AI pause/stop/slowdown—Gives more time to research both issues and to improve human intelligence/rationality/philosophy which in turn helps with both.
Metaphilosophy and AI philosophical competence—Higher philosophical competence means AIs can help more with alignment research (otherwise such research will be bottlenecked by reliance on humans to solve the philosophical parts of alignment), and also help humans avoid making catastrophic mistakes with their new newfound AI-given powers if no takeover happens.
Also, have you written down a list of potential risks of doing/attempting human intelligence amplification? (See Managing risks while trying to do good and this for context.)
I agree probably more work should go into this space. I think it is substantially less tractable than reducing takeover risk in aggregate, but much more neglected right now. I think work in this space has the capacity to be much more zero sum (among existing actors, avoiding AI takeover is zero sum with respect to the relevant AIs) and thus can be dodgier.
This would require a longer post, but roughly speaking, I’d want the people making the most important decisions about how advanced AI is used once it’s built to be smart, sane, and selfless. (Huh, that was some convenient alliteration.)
Smart: you need to be able to make really important judgment calls quickly.

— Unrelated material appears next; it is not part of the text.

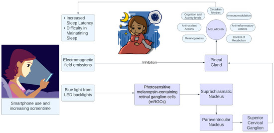 Smartphones utilize light-emitting diode (LED) backlights to enhance daytime brightness and contrast. The specifics of the light source used as the backlight will define the properties of the light emitted from a given smartphone [25]. Polychromatic “white” LEDs are routinely generated by fusing a blue LED with a yellow phosphor. This creates a light that appears white but possesses a spectral distribution that peaks in the blue segment of the electromagnetic spectrum [17]. The emitted blue light commonly has a wavelength close to the peak sensitivity for non-visual circadian photoreception. Chronic exposure to such blue light, even at low intensities, is considered to be above the predicted threshold for melatonin suppression. This, consequentially, likely disrupts the circadian rhythm, thereby potentially influencing a wide array of health outcomes: alertness, cognition, sleep, and activity levels (Figure 1) [12,13,14].

There will be a bunch of actors lobbying for all sorts of things, and you need to be smart enough to figure out what’s most important.
Sane: smart is not enough. For example, I wouldn’t trust Elon Musk with these decisions, because I think that he’d make rash decisions even though he’s smart, and even if he had humanity’s best interests at heart.
Selfless: even a smart and sane actor could curtail the future if they were selfish and opted to e.g. become world dictator.
And so I’m pretty keen on interventions that make it more likely that smart, sane, and selfless people are in a position to make the most important decisions. This includes things like:
Doing research to figure out the best way to govern advanced AI once it’s developed, and then disseminating those ideas.
Helping to positively shape internal governance at the big AI companies (I don’t have concrete suggestions in this bucket, but like, whatever led to Anthropic having a Long Term Benefit Trust, and whatever could have led to OpenAI’s non-profit board having actual power to fire the CEO).
Helping to staff governments with competent people.
Helping elect smart, sane, and selfless people to elected positions in governments (see 1, 2).
Of course, if you think P(AI takeover) is 90%, that would probably be a crux.)
I think that (from a risk neutral total utilitarian perspective) the argument still goes through with 90% p(ai takeover). but the difference is that when you condition on no ai takeover the worlds looks weirder (e.g. great power conflict, scaling breaks down, coup has already happened, early brain uploads, aliens) which means:
(1) the worlds are more diverse so the impact of any interventions has greater variance, and less likely to be net positive (even if it’s just as positive in expectation)
(2) your impact is lower because the weird transition event is likely to wash out your intervention
Directionally agree, although not in the details. Come to postagi.org, in my view we are on track to slight majority of people thinling about this gathering there (quality weighted). Also lot of the work is not happening under the AI safety brand, so if you look at just AI safety, you miss a lot.
The reason to work on preventing AI takeover now, as opposed to working on already invented AGI in the future, is the first try problem: if you have unaligned takeover-capable AGI, takover just happens and you don’t get to iterate. The same happens with problem of extremely good future only if you believe that the main surviving scenario is “aligned-with-developer-intention singleton takes over the world very quickly, locking in pre-installed values”. People who believe in such scenario usually have very high p(doom), so I assume you are not one of them.
What exactly prevents your strategy here from being “wait for aligned AGI, ask it how to make future extremely good and save some opportunity cost”?
This reason only makes sense if you expect first person to develop AGI to create singleton which takes over the world and locks in pre-installed values, which, again, I find not very compatible with low p(doom). What prevents scenario “AGI developers look around for a year after creation of AGI and decide that they can do better” if not misaligned takeover and not suboptimal value lock-in?
I think a significant amount of the probability mass within P(no AI takeover) is in various AI fizzle worlds. In those worlds, anyone outside AI safety who is working on making the world better, is working to increase the flourishing associated with those worlds.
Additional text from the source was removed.